Here i had figured nuclear plants of sufficient size didn't exist and might not for a long time because people are so nervous about nukes. And then i heard about the SAFE reactor today. There is a working prototype. 100 kW output in a reactor that weighs about 600 kg. Man, that is a real nice output for a nice light mass, all day and all night. I was so wrong.
I don't know how much power the heavy-duty work will take - the stuff the crane and the digger do. So much is being done directly with solar heat, it saves a lot on the electrical power the first missions need. But there is meant to be an awful lot of digging. And the crane is huge, no matter how efficient it can be. Getting a handle on that amount would be really helpful. But it is so much easier to be comfortable when the budget i'd penciled in for 135 kW of solar panels would be enough for 700 kW of nuclear power!
I note that Joe Strout asked me why not go with nuclear - i spoke before without knowing about this option and didn't give it much consideration. Solar turbines and energy storage as lifted mass still seem better choices long term. They are simple, reliable, and robust. That can come later though. The first missions can take their time setting up the towers and cables to make that possible. Until then, nukes all the way!
Response by Sigvart Brendberg:
An even more important reason to choose nuclear power for the moon-base is energy storage. Even though you can produce as much solar power as you want, for example using the parabola, the night is 14 days long.
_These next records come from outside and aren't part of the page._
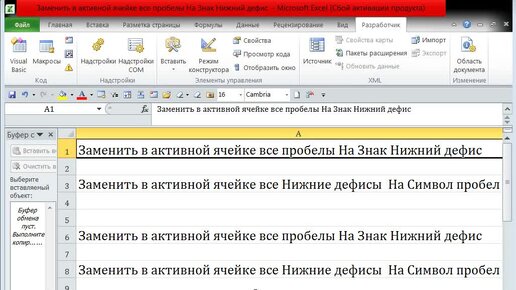 Заменить в активной ячейке все пробелы На Знак Нижний дефис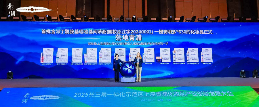 大会现场,首个美白祛斑新原料提安明多®630的化妆品落地青浦,成为上海化妆品产业政策落地的“标杆案例”。该原料历时15年研发、9年申报,2024年11月获批,是《化妆品监督管理条例》实施后首个通过国家药监局审查的美白祛斑类新原料。从2021年进博会引入,到2024年获批、2025年投产上市,关键节点均在青浦完成,形成真正意义上的“全链路创新故事”。背后是国家药监局、上海市药监局及青浦区政府的政企协同,彰显“上海速度”与政策效能。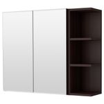 Открытый полочный модуль для хранения флаконов духов или других часто использующихся предметов. Ширина: 80 см. Глубина: 21 см. Высота: 64 см. Зеркальный шкаф с 2 дверцами: Дверь: ДСП, Пластмасса АБС, Пленка. Зеркальная часть: Стекло.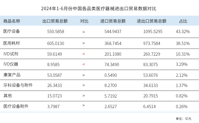 2024年1-6月份,中國醫(yī)療器械進出口貿(mào)易詳情——產(chǎn)品品類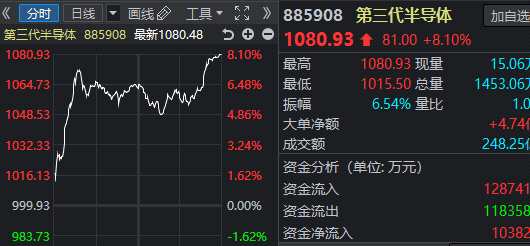 近段時間以來,有望寫入“十四五”規(guī)劃的預(yù)期板塊,如第三代半導(dǎo)體、光伏、風(fēng)電等在市場上輪番表現(xiàn)。其中,此前有所表現(xiàn)后進入回調(diào)的第三代半導(dǎo)體今日再度崛起,板塊漲幅竟達8.1%。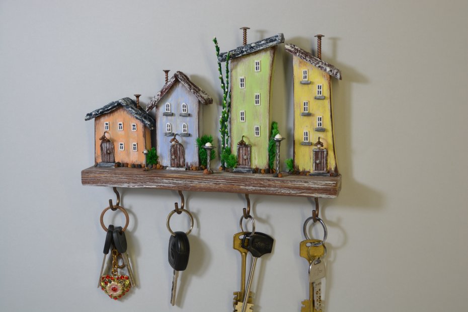 Uroczy, ręcznie wykonany drewniany wieszak na klucze w formie kolorowych domków. Każdy domek został starannie wyrzeźbiony i pomalowany, dzięki czemu całość tworzy wyjątkową dekorację ścienną w stylu rustykalnym i bajkowym.
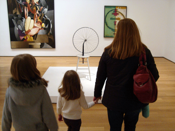 I dragged everyone into the Museum of Modern Art for the afternoon. The Daughters are still too young to have any real appreciation for what they’re seeing—to them, there’s no difference between what they see at MoMA and a poster they’d see in a restaurant—but I’m trying to plant little seeds of corruption. Plus, I get in free with my corporate ID. A real value, since admission is up to $20 bucks per adult!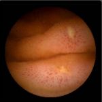 Lors de ces examens d’endoscopies, des lésions endoscopiques évocatrices de maladie de Crohn peuvent être visibles (Figure n°1 et 2) : des ulcérations apthoïdes, des ulcérations en carte de géographie, des ulcérations en rails.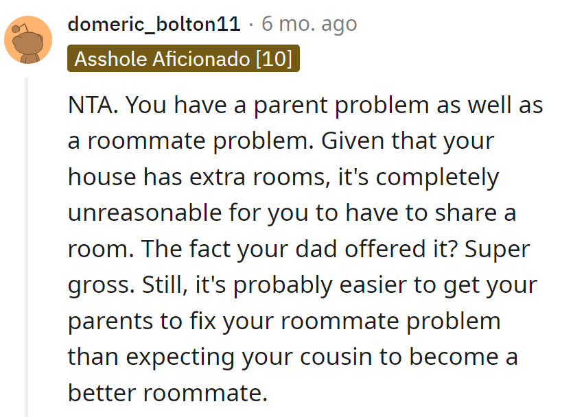 In the end, it seems that sharing a room can be more challenging than splitting a pizza – everyone wants a slice of space, but no one wants to clean up the crumbs. OP's tale is a classic slice-of-life drama, where the toppings are tolerance and the crust is courtesy.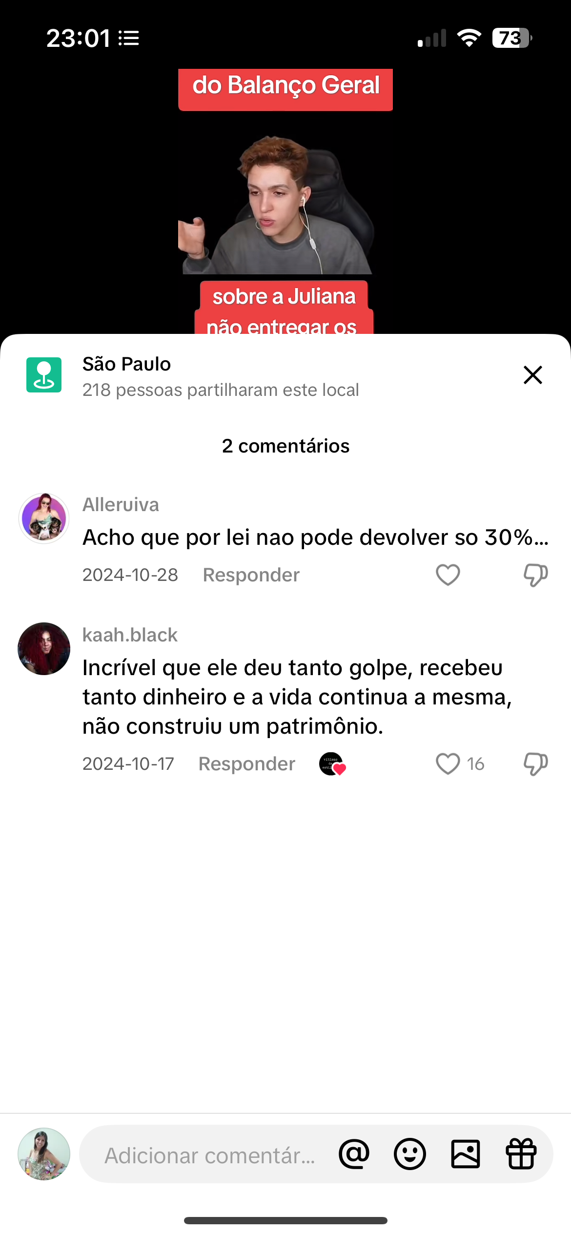 Ambos os posts são recortes de um vídeo publicado originalmente no canal do youtuber Ismael, que já foi identificado como um dos principais nomes a lucrar e impulsionar os ataques contra Juliana Aurora. Ao invés de repostar diretamente o conteúdo da matéria do “Balanço Geral”, o perfil “Vítimas da Estilista” opta por usar a imagem e a reação de Ismael como estratégia para amplificar o alcance, dado o volume de visualizações que o canal dele atraiu.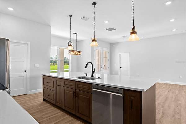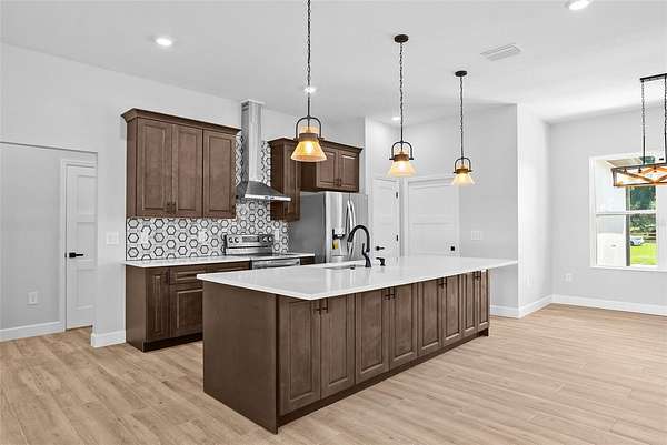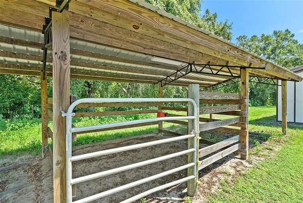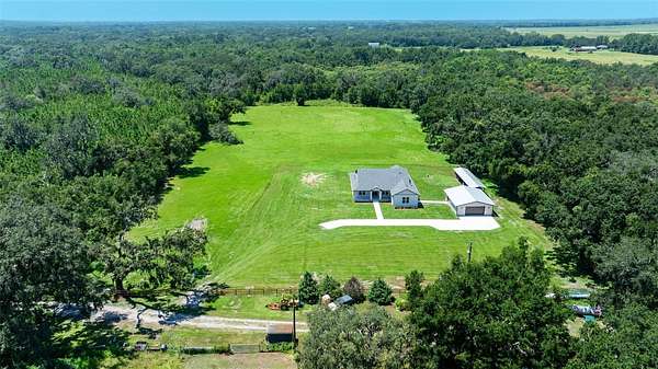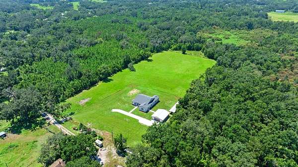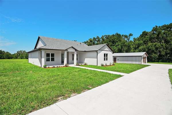 One or more photo(s) has been virtually staged. Welcome to this beautifully crafted modern farmhouse offering 2,522 sq ft of living space, nestled on 7.69 acres in a quiet, secluded location at the end of the road in San Antonio, FL. This property is an oasis of peace and privacy while being just minutes from I-75 and SR 52 for easy commuting. Key features include a spacious, open floor plan, quartz countertops throughout, a large flex room that can be used as an office, playroom, or gym. This property is perfect for animals including horses, livestock, and pets. Ideal for cultivating your dream garden or homestead. The large enclosed pole barn is perfect for additional storage, vehicles, workshop, or equipment, and there is a second open pole barn with stalls. No HOA so enjoy the freedom to personalize. All of this including quick access to major highways yet still tucked away in nature. With the peaceful charm of country living and plenty of room for family, animals, and hobbies, this is the ideal property for anyone looking for space, privacy, and convenience. Schedule a tour today and experience this amazing property!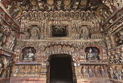 云冈石窟第10窟自去年2月10日封闭以来,开展了洞窟调查和日常养护工作。近日,各项工作已基本完成,具备开放条件。第10窟也称毗卢佛洞,是“五华洞”的一个洞窟,开凿于北魏太和年间,属于云冈石窟中期作品,前室北壁明窗至拱门之间,须弥山层峦叠嶂,山腰二龙交缠,山间有茂密的林木和竞奔的动物,雕刻中的建筑形象出现中国传统的瓦顶建筑、斗拱构件等元素,装饰中也出现了龙雀飞舞的形象,反映了开窟时社会各民族文化大融合的时代特点。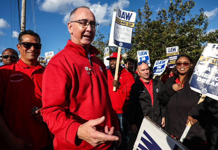 United Auto Workers President Shawn Fain is pushing to expand the union in states with tougher terrain for labor groups.John J. Kim / Chicago Tribune via Getty Images fileIn a news conference Tuesday, Fain appealed to members who question the UAW’s Southern strategy and the use of their dues to support it, saying, “This ain’t charity, this is power.”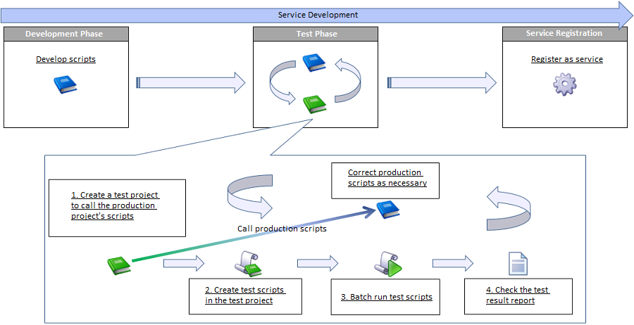 Refer to “Service Development” for the development phase and refer to “Service Operation” for registering services.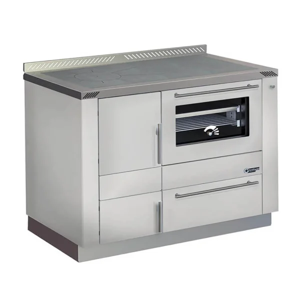 La cuisinière WH 1200 de Greithwald a été conçue avec le souci du détail. Le cadre de la cuisinière en acier inoxydable avec angle de plaque à l’arrière offre une stabilité et confère à la cuisinière un aspect élégant. Vous avez le choix entre une plaque de cuisson en acier poli ou une plaque vitrocéramique. Le four en acier inoxydable, livré avec une plaque et une grille de cuisson, est facile à surveiller grâce à la fenêtre de contrôle avec thermomètre intégré.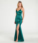 Occasions are made easy in the Amy satin formal dress designed with a mermaid silhouette that flaunts your curves while the high front slit offers effortless movement.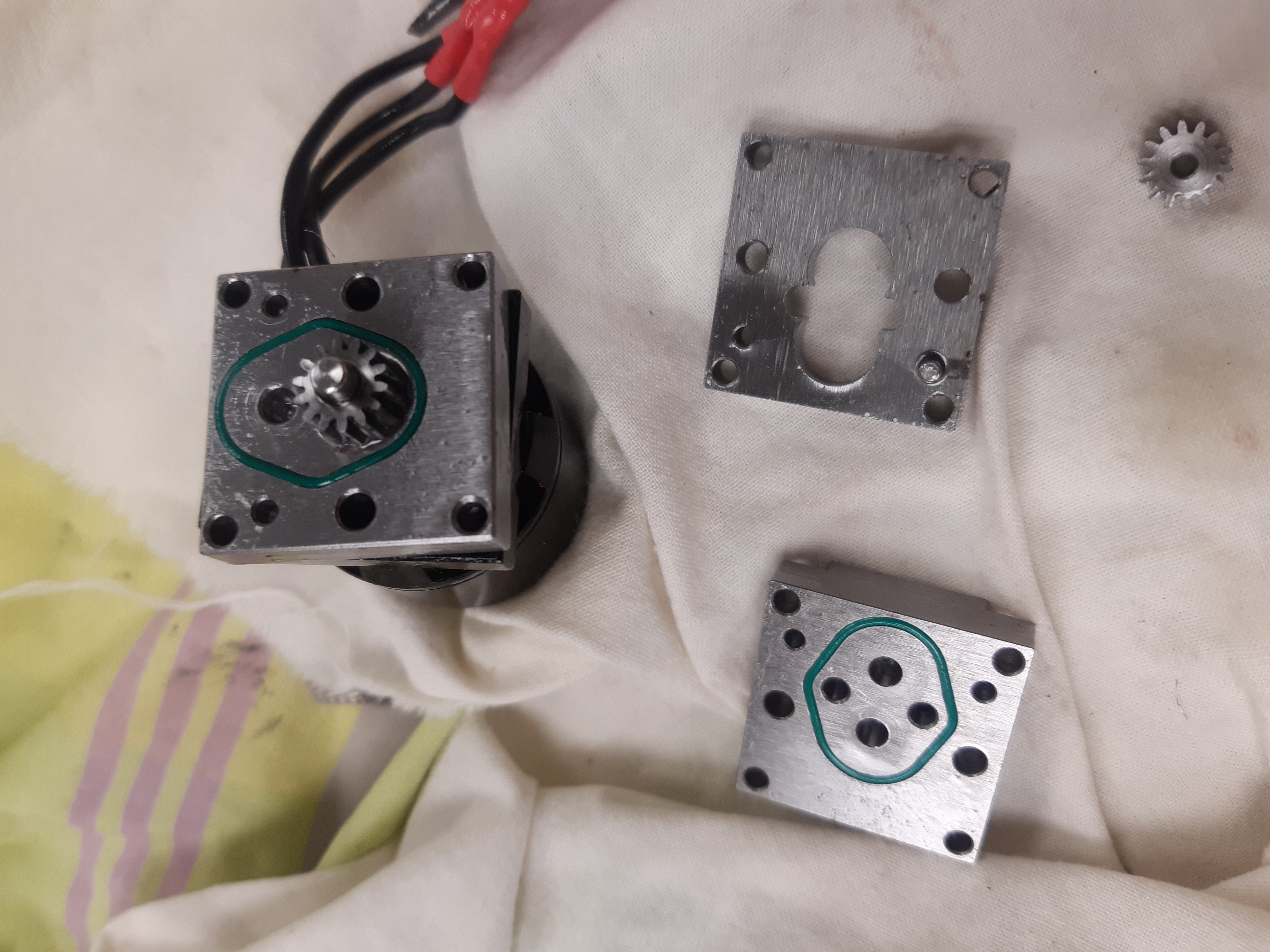 j ai repercés les entré et sortie en M5 pour plus de débit et refermé sans l'axe du pignon du coup le débit est bon la pression ne monte pas au dessus de 30bar. tu en penses quoi marc ? que le pignon n'est pas d'axe?

Having about 0.5 MJ of storage capacity per kilogram for a secondary cell, you are going to need two and a half tons of batteries per kilowatt of power you want to spend through the night... Better then with something continuously producing electricity.
PESS is actually kind of solving that problem, but the mass required is large. (750 million kg*m per kilowatt of night power). For a 1 km (vertical component only) cable, that is a mass of 750 tons per kilowatt.
(kind of a related, you say thorium can be used for NTRs in the first slide, but thorium is surely not fissile material on its own? It must be turned into U-233 before it is of any use.)
Anyway, I totally agree on your choice of using nuclear power for the base.
Cheers Sigvart!
750 tons per kilowatt, huh? That does indeed sound like an awful lot. Let's see, bulk powder regolith is about 1.5 g/cm3, so that's 1.5 tons per cubic meter, so 500 cubic meters to get the 750 tons for a kW, over that 1 km drop. That's a cube 8 m on a side. Basalt is 3 g/cm3 here on Earth. I'll low-ball a bit and give fused basalt produced by one of the fresnel lens setups a bulk density of 2.5 g/cm3, that's 300 m3 for 1 kW, a cube 6.8 m on a side.
I had played with the idea of making weights in bulk using the MIP beds which i think will be idle a fair bit on the first and second mission, or maybe during idle time with the rovers just scanning a linear fresnel lens (one that focuses to a line) across the open surface. I thought, melt a thin layer wait a bit for it to be almost congealed, roll it into a log. I'd figured they'd need to be big, but not that big. It would take 3 logs 3 m in diameter by 15 m long to provide that kW. Then i start thinking about the cables needed to support that over and over, given that to be worth it they'd need to have weights like that say every 10m constantly lowering, all night long, for it to be worth it. Let's say with losses a line like that could provide 25 kW of power if it was continuously loaded like that.
So, do you mean that while that 750 tons is turning the generator, it would be generating a kW? I guess that is a rough calculation that doesn't consider friction loss and such? And i don't know how that fits with time. How long should i consider that it supplies that kind of power, before it reaches the bottom of the line and is unloaded? If i take the lunar night as 350 hours, giving a little space at dawn and dusk to consider that the sun might be blocked for a bit by the landscape or panels might not work well at such high angles, then we're looking at 33 weights always going down the line, times 350 hours, that alone is 11,550 weights. Then there needs to be some multiplier for how long it would take for each weight to descend. Whatever that multiplier is, this deals with a lot more weights than i'd idly guesstimated.
If you had the weights made, certainly it could still be worth it. But god that's a lot. Stick a bunch of lenses somewhere on the face of Lalande crater, doing nothing but melting the crater face in such a way that the lava melts and puddles into masses of roughly the right size? Maybe. Maybe. It is awfully seductive for me to think about doing all kinds of things with lenses, considering how little payload they occupy and how much power they represent. 115, 000 tons of lava, give or take. Hm.
Okay - moving on to thorium refinement. You're right of course, the thorium would need to be processed into uranium 233. A long term goal. It isn't at all for the early days. It just is interesting because of the possibility of nuclear rockets and energy independence in a robust way. But where there is thorium, there may also be uranium. The thorium is what was tracked by the Lunar Prospector probe, but there was a later Japanese analysis by Kayuga found uranium. Still either one requires considerable processing, it is a long term thing.